The company is now developing a next-generation infection screening test for TB, and is working on a differential diagnosis test that will be able to distinguish a latent infection and a treatment-requiring active infection, he said. 

Importantly, these TB tests are blood-based, not sputum-based, and they are multimarker tests.

Other latent TB tests on the market include one from Qiagen, which recently received approval in Canada. Qiagen is also developing a handheld reader for its QuantiFeron-TB Gold Plus assay for latent TB detection, and recently began a collaboration with DiaSorin to port its latent TB test to that firm's automated Liaison instrument that has resulted in CE marking of the workflow.

To date, Lophius has no funding from organizations like the Foundation for Innovative New Diagnostics or the Gates Foundation, but Merkl said the company has had conversations with FIND, and that the company is represented in tech development roadmaps that FIND has presented.

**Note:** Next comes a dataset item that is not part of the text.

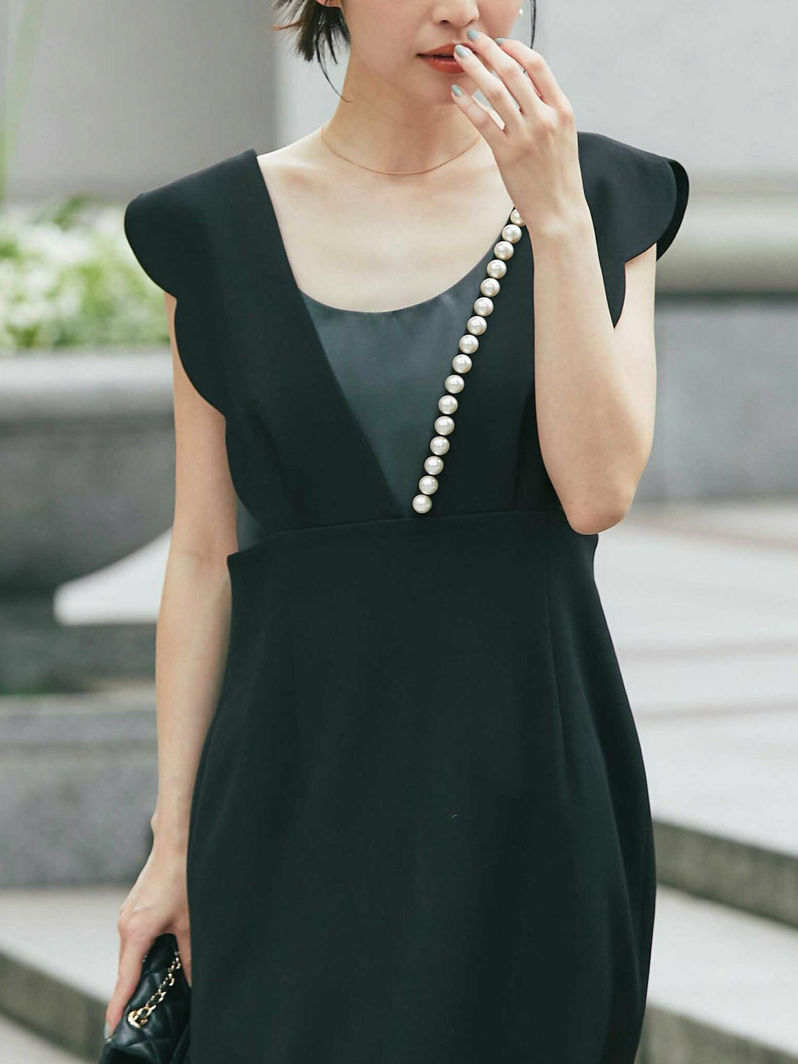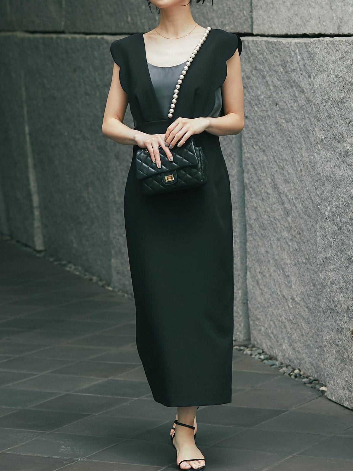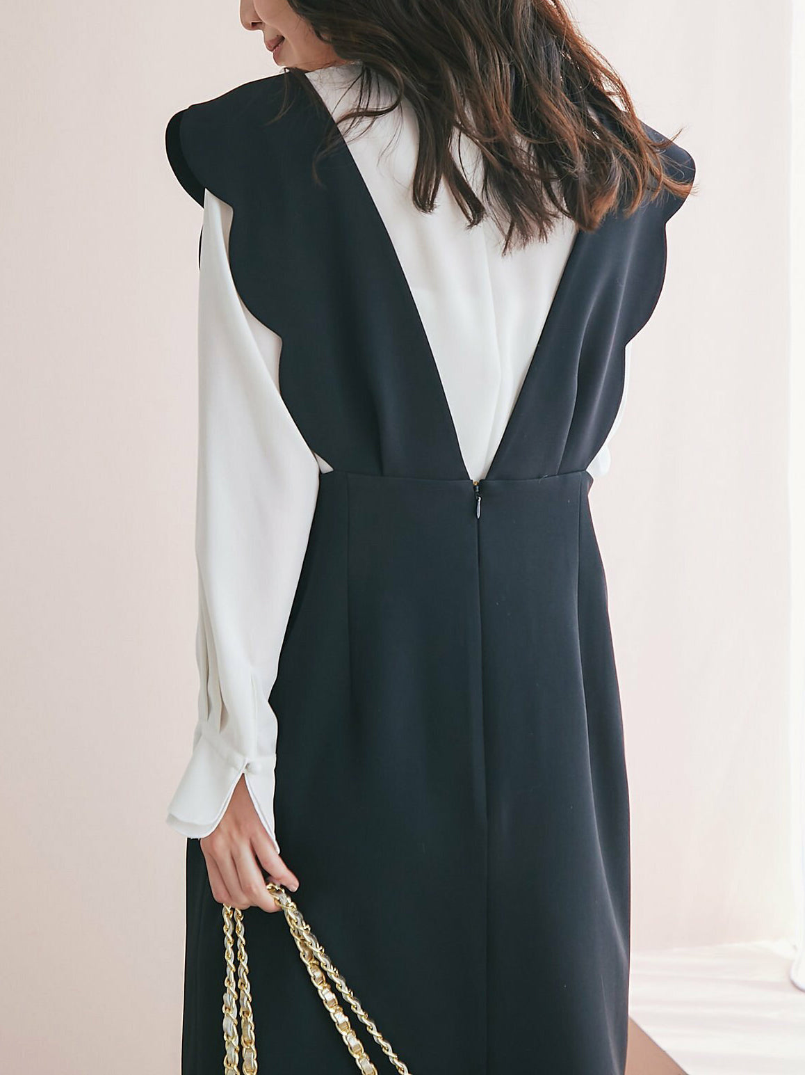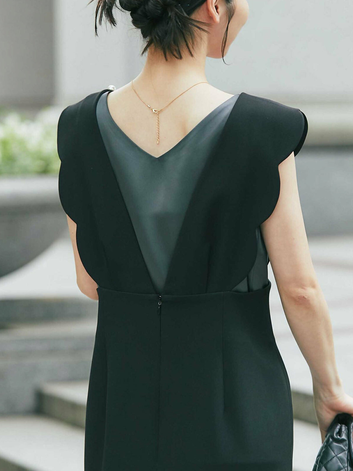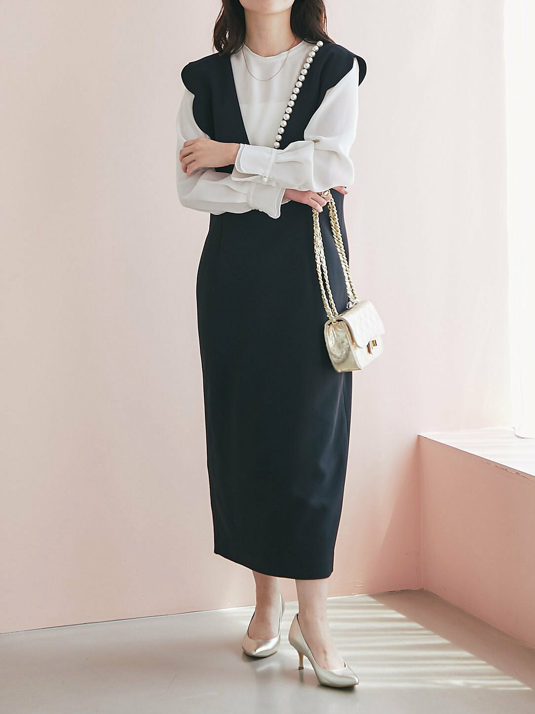 ☆スカラップでフェミニンな雰囲気がありながら、Iラインですっきりと大人の女性に似合う
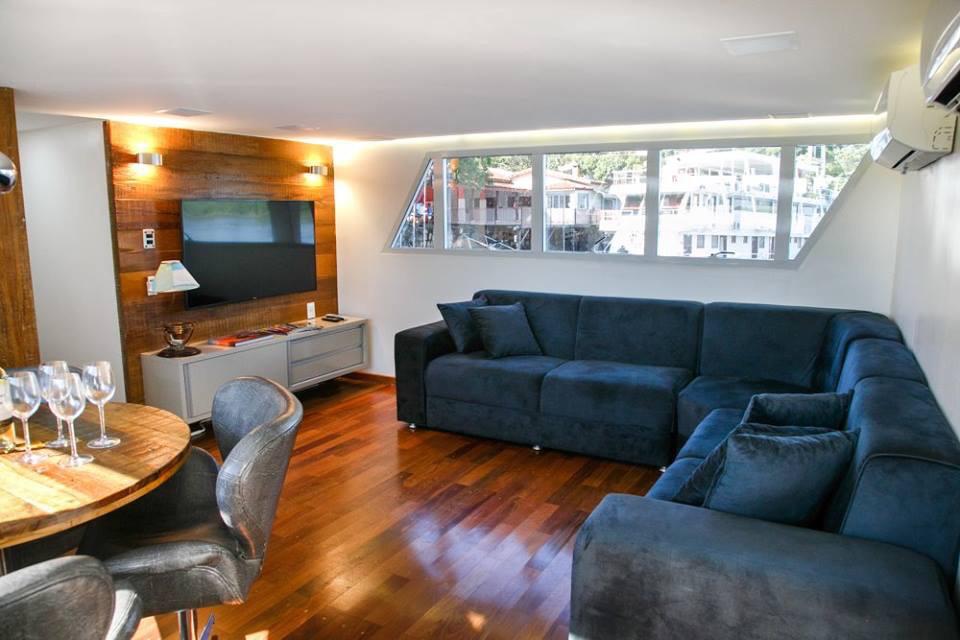 - 5 Suítes duplas privativas, sendo 4 suítes com camas baixas e , com Tv, ar condicionado split individual, banheiro com box,água filtrada, tratada, pressurizada quente e fria,

In addition to Lophius' technology, according to a recent FIND presentation, non-sputum-based tests in development for latent or incipient TB include the QIA-Predict and QIA-TB Signature assays from Qiagen, the Incipient TB Assay from Abbott, and the T-cell Immune Profiling test from Becton Dickinson. And researchers at Stanford University and the Center for Infectious Disease Research in Seattle are also developing assays for mRNA Signatures of latent TB. 

For its next-generation infection detection screening test, Lophius is currently in the optimization phase, Merkl said, and the company plans to start the clinical trial for market approval during the next year. For the TB differential diagnosis test, Lophius is still in the marker evaluation phase, but expects to bring an assay to clinical trials in 2020.